*** MATERIAL TO PROCESS Section Begins ***

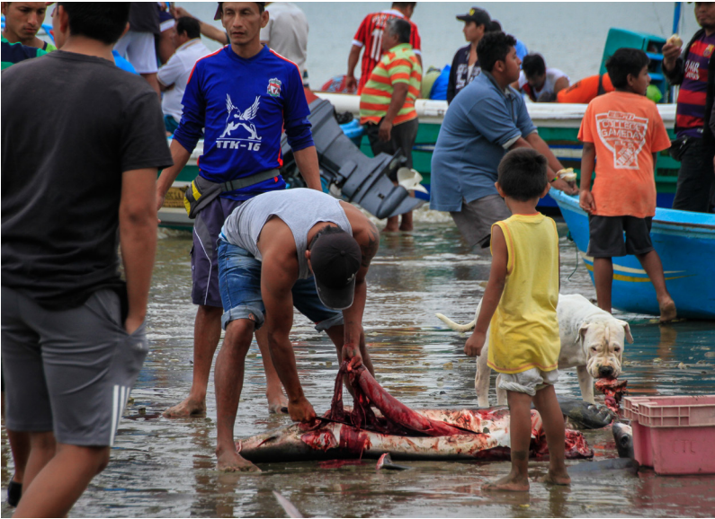
Puerto López es uno de los destinos más turísticos de Ecuador. A pesar de ello, una estampa llamativa y muy clásica se sigue produciendo cada mañana en sus playas, cuando los pescadores desembarcan todo tipo de capturas. Entre ellas, sorprende encontrar especies cuya pesca prohíbe la legislación del país, como son los tiburones.
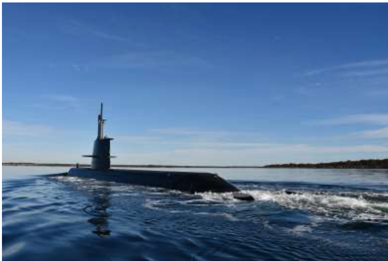
Marinen tillförs ytterligare en ubåt, varmed det totala antalet blir fem.

Det gäller hälso- och sjukvården, livsmedels- och dricksvattenförsörjningen, transportsektorn, samhällets ordning och säkerhet, finansiell beredskap, energiförsörjning samt elektroniska kommunikationer och post. Totalförsvarskonceptet kräver balans, varför det är av största vikt att civilt försvar prioriteras och successivt utvecklas.
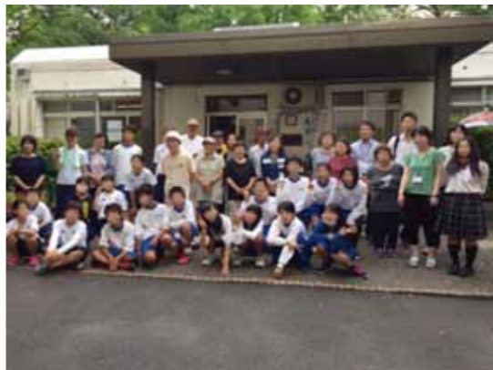
協働による清掃活動も今年で3年目となりました。
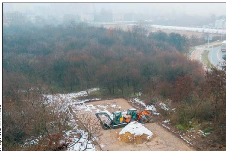
Na osiedlu Międzytorze powstaje nowy park

Co ważne, płocki samorząd pozyskał na realizację prac dofinansowanie. Pieniądze pochodzą ze środków Unii Europejskiej w ramach programu Europejskiego Funduszu Rozwoju Regionalnego w ramach Priorytetu: II „Fundusze Europejskie na zielony
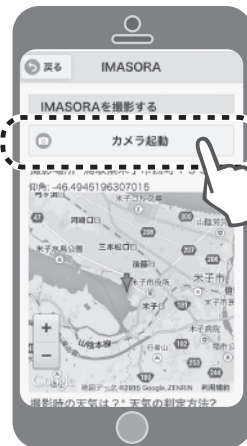
②「カメラ起動」を選択
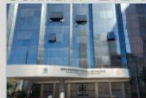
CURITIBA I - EMBAP
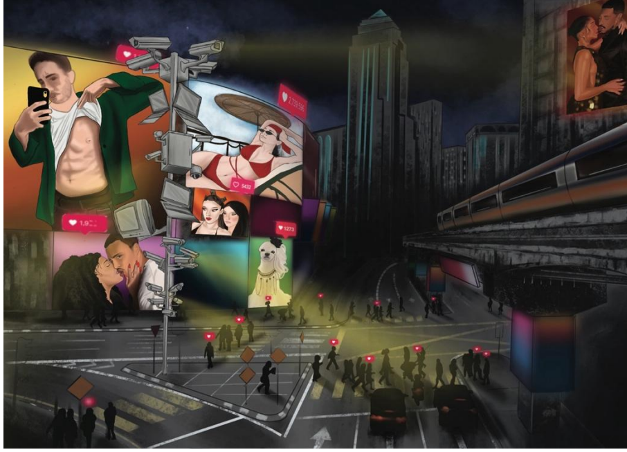
Şekil 1. Odak Grup katılımcısı Öğrenci 1 tarafından geliştirilmiştir. [Telif Hakkı (2025) Öğrenci 1]. Öğrenci 1 (kişisel iletişim, 09 Mayıs 2025).
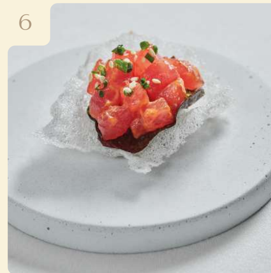
ТАР-ТАР ИЗ ТУНЦА НА ХРУСТЯЩЕЙ РИСОВОЙ БУМАГЕ / 16 ГР

Тартар из тунца заправленный томатным айоли на листе нори и рисовом чипсе, посыпанный кунжутом.
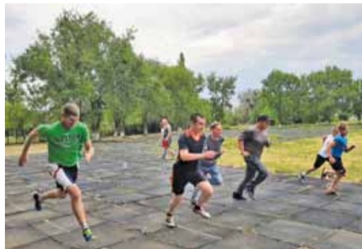
Сдача нормативов в Мокроусском ЛПУМГ

Работники Общества продолжают сдавать нормативы Всероссийского физкультурно-спортивного комплекса «Готов к труду и обороне».
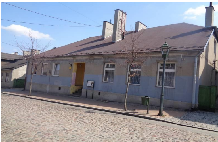
Zdjęcie 12. Budynek mieszkalny ul. Narutowicza 11.
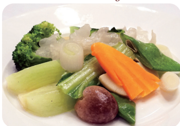
26 季節野菜の炒め Sautéed seasonal vegetables
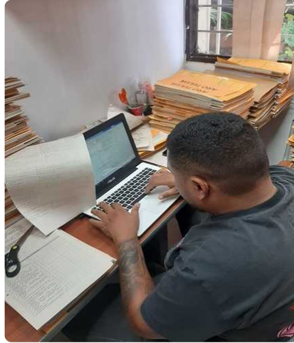
Elaboración y actualización de los inventarios físicos y digitales del Aro Cartago, correspondientes al año 2024
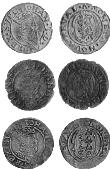
Fig. 20a-c. Ferdingar u.å., mm \Delta (stampkopplingar: 7A med 8a och 10a ovan), mm A åstadkommet med nummerpuns 7. Privat ägo och SNF 141:46.

Varför gjorde man 1+3 stampar? Kanske rörde det sig om en beställning. Då ett myntverk utövar sin verksamhet kontinuerligt, görs också
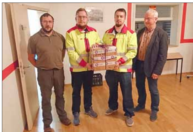
Übergabe des Defibrillators durch die Firma Mint of Finland GmbH

Weitere Informationen über uns finden Sie auch auf unserer Internetseite unter www.feuerwehr-halsbruecke.de .
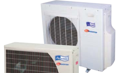
GC 24/30 DCI
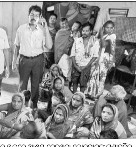
ଲଗାଶବ୍ଦୀ ଯୋଗୁ ଉତ୍ତୁନାଥପୁର ବ୍ଲକ୍ ଗୋକୁଳପୁର ସ୍କୁଲରେ ଆଶ୍ରୟ ନେଇଥିବା ଲୋକମାନଙ୍କୁ ପ୍ରଶାସନିକ ଅଧିକାରୀମାନେ ଭେଟୁଛନ୍ତି ।
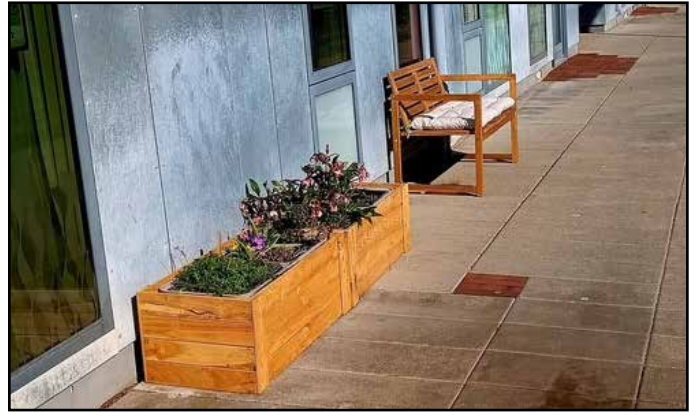
Siden workshoppen er der blevet sat en bænk og to plantekasser ud foran ABC's kontor i Kanalens Kvarter 100.

Til workshoppen deltog beboere, afdelingsbestyrelsesmedlemmer, kommune og BO-VEST. Der blev drøftet mange muligheder og idéer til, hvordan der kan skabes mere liv i Kanalgaden. Næste skridt er et opfølgende møde i maj og derefter at få nedsat en projektgruppe med repræsentanter fra de forskellige parter, som kan arbejde videre med de tiltag, der aftales.
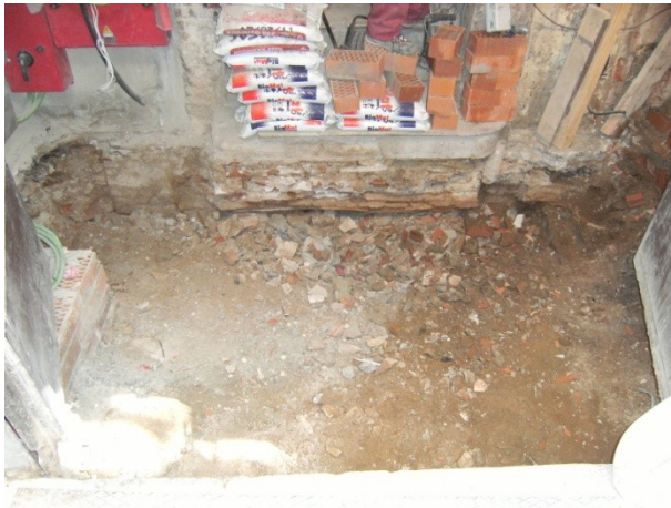
FOTO 7. Final de les tasques d'excavació. S'observa la runa que rebleix tot el pou mort

*** MATERIAL TO PROCESS Section Ends ***

- WHAT THE TASK ASKS: Looking over the records, find each line with the word "workshoppen" and copy it.

- EXPECTED OUTPUT:
Siden workshoppen er der blevet sat en bænk og to plantekasser ud foran ABC's kontor i Kanalens Kvarter 100.
Til workshoppen deltog beboere, afdelingsbestyrelsesmedlemmer, kommune og BO-VEST. Der blev drøftet mange muligheder og idéer til, hvordan der kan skabes mere liv i Kanalgaden. Næste skridt er et opfølgende møde i maj og derefter at få nedsat en projektgruppe med repræsentanter fra de forskellige parter, som kan arbejde videre med de tiltag, der aftales.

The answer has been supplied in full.